Wichita chiropractor charged with fraud, surrenders license

10/18/2013 4:57 PM

08/08/2014 10:19 AM

A Wichita chiropractor surrendered his license Friday amid accusations he defrauded $1.3 million from health care programs, U.S. Attorney Barry Grissom said.

Details of the charges against Jeffrey D. Fenn, 32, of Wichita Health and Wellness, Fenn Chiropractic and Wichita Pain Associates, emerged in a federal indictment unsealed Friday. He faces six counts of health care fraud, two counts of aggravated identity theft, 16 counts of money laundering and one count each of tax evasion and illegally obtaining controlled drugs in connection with a scheme that started in March 2011, according to a news release from Grissom’s office.

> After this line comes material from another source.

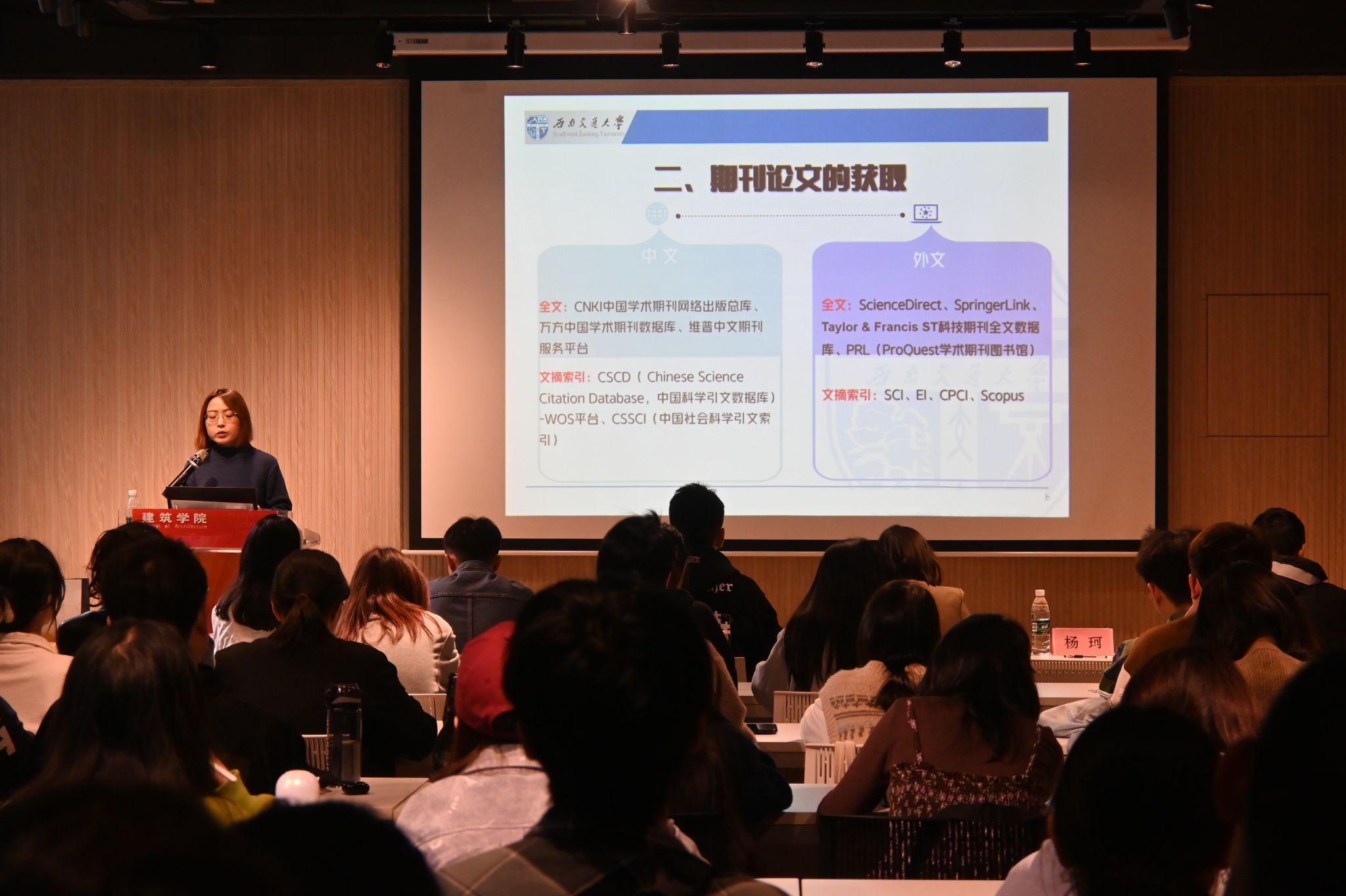 图书馆馆员李颖老师作为主讲人,建筑学院杨珂老师、王文静老师、罗勋锐老师出席本次讲座。同时参与讲座的还有交通运输与物流学院研究生会主席王箐、力学与航空航天学院研究生会主席李思雨,以及建筑学院80余名研究生。

Reached by phone Friday evening, Fenn denied all of the allegations and referred future calls to his attorney.

“We have a billing dispute with the government,” Fenn said. “ ... This is from 2011. It’s really, really old.”

The indictment alleges Fenn devised and implemented a plan to submit false claims to Medicare, Blue Cross Blue Shield of Kansas, Coventry Health Care of Kansas and the Federal Employees Health Benefits Program for services that were never performed, were done by uncertified personnel or were medically unnecessary, Grissom said. The document also alleges Fenn hired physicians, nurse practitioners and physical therapists to perform services that he was not qualified to offer, misrepresented his clinics’ ownership to the Kansas Board of Healing Arts and falsely submitted claims using the names of his employees, Grissom said.

Federal prosecutors also allege Fenn overstated his 2011 business deductions by $367,800 and claimed deductions for personal expenses, leading to the tax evasion charge.

If convicted, Fenn could spend up to 10 years in federal prison on the health care fraud and money laundering counts, up to five years for tax evasion and up to four years on the drug charge, Grissom said. The aggravated identify theft counts draw a mandatory sentence of two years in federal prison.

Fines of up to $250,000 per count could also be imposed, Grissom said.